Annual robot battle in North Little Rock gets nimbler

Spectators react as robots from the Levy the Falcon Dog and The Aristocrats teams collide Saturday during a first-round match in the annual bot battle competition at the Arkansas Regional Innovation Hub in North Little Rock.
Spectators react as robots from the Levy the Falcon Dog and The Aristocrats teams collide Saturday during a first-round match in the annual bot battle competition at the Arkansas Regional Innovation Hub in North Little Rock.

Nick Jones spent last year's robot battle lying on his back beneath 64 square feet of carpet, puppeteering a koala, a baseball bat and a cat toy.

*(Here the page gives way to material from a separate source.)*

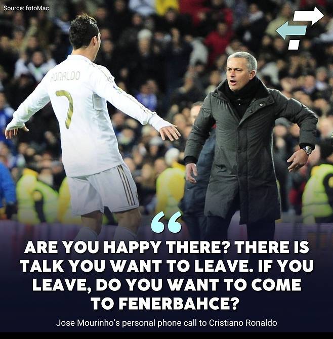 무리뉴 감독은 호날두와의 통화에서 "만약 거기에서의 삶이 행복하지 않다면, 사우디아라비아를 떠나고자 한다면 페네르바체로 올 생각은 없느냐"라고 직접 말했다.

Only these weren't a typical koala, baseball bat and cat toy.

These items had sharp accessories, like spikes, to be even more obstructive to the robots roving above him, Jones said.

Jones is a lead educator at the Arkansas Regional Innovation Hub in North Little Rock. It's where the annual bot battle takes place.

On Saturday, Jones helped administer the fourth annual competition. This year, the contest was less about spikes, more about strategy.

Two weeks ago, eight teams were each given a motor, wheels, a robot body and a robot "brain," called an Arduino microcontroller.

The body of each robot was modeled after the Mars rovers, Jones said.

Teams were told to modify them however they wanted, though no flinging, slinging or hurling of weapons was allowed.

Last year's contest was a lot of "bot-on-bot combat," Jones said. Squat, sturdy machines crashed together like sumo wrestlers, which "started to get stale," he said.

This year, robots were nimbler. Competitors were told they'd be scavenging for magnetized coins and capturing a flag to earn the most points.

For the arena, the innovation hub fashioned interchangeable foam hexagons that varied in height.

Coins were scattered around the board. A skull and crossbones flag, worth 10 points, sat squarely in the middle.

Before competing, teams gathered in the "garage" of the innovation hub to make last-minute fixes.

Joe Benton said his team, The Inexperienced Roboticists, embraced a thrash-and-pillage strategy.

They named their robot -- which resembles a covered wagon -- The Oregon Trailblazer.

Two metal prongs stuck out of the trailblazer's front. Those prongs could be jammed into another robot's wires and hardware.

"We thought that'd be more fun," Benton said. Plus, it looks "a little scarier," he added.

Others used art to intimidate opponents.

Scot Sepe, a member of team R56, had painted eyes, a red mouth and white fangs onto the front of his team's robot.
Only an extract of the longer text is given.